Con riguardo al costo fiscale delle partecipazioni opponibile dal trustee in ipotesi di realizzo, in vigenza del trust, è stato solo affermato (dopo che, con la risposta all’istanza di interpello n.401 del 02.08.2022, tale principio era stato invece messo in dubbio) che, qualora il trasferimento dei beni in trust avesse per oggetto titoli partecipativi, il trustee subentra nell’ultimo costo fiscalmente riconosciuto in capo al disponente.

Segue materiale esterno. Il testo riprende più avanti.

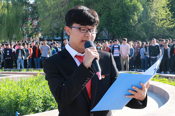 最后团员代表张泽轩进行了青年代表献词,他表示,青年人应当铭记五四精神,牢记习近平总书记的殷切期望和深情嘱托,自觉肩负起维护新疆社会稳定和长治久安的青春责任,热爱中国共产党、热爱祖国、热爱中华民族大家庭,与全疆各族人民一道,以扎实的作风、有力的行动和优异的成绩迎接党的十九大胜利召开!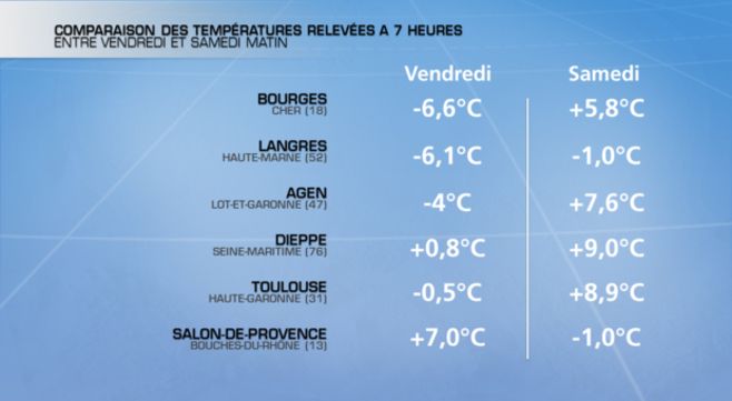 Ainsi, par endroit, on gagne plus de 10°C entre hier matin et ce samedi matin. Ainsi, à Bourges, on est passé de -5,8°C à +6,6°C. Même écart de température (+13°C) à Agen.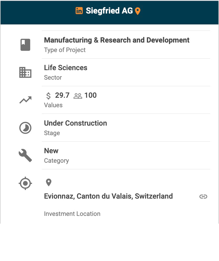 with the company’s R&D Center in Zofingen. The agency said Siegfried

Non è chiaro, però, se tale meccanismo di “subentro” nel costo fiscale operi anche – e in ogni circostanza – in sede di attribuzione dal trustee ai beneficiari, non solo quando la partecipazione loro attribuita fosse la medesima trasferita al trust dal disponente in vita, bensì anche quando tale disposizione in trust fosse intervenuta “mortis causa”, oppure il disponente fosse premorto rispetto al momento dell’attribuzione ai beneficiari, ovverosia l’unico “momento” che assume generalmente rilievo ai fini dell’imposta sulle successioni e donazioni, la cui base imponibile assume talvolta rilievo, come detto, anche ai fini della determinazione del costo fiscalmente riconosciuto, a norma del succitato articolo 68, comma 6, Tuir.

Quello di cui sopra rappresenta solo uno dei dubbi che residuano a valle della circolare, non perché non sia apprezzabile lo sforzo interpretativo compiuto dall’Amministrazione finanziaria, bensì solo per il fatto che ben difficilmente si sarebbero potuti affrontare tutti i casi particolari che sono necessaria conseguenza dello strutturale polimorfismo dell’istituto giuridico in questione.

Chi si imbattesse in tali casistiche, quindi, potrà valutare l’opportunità di presentare apposite istanze d’interpello, con conseguente progressivo “riempimento”, alla luce delle relative risposte, dei vuoti inevitabilmente lasciati dal documento di prassi.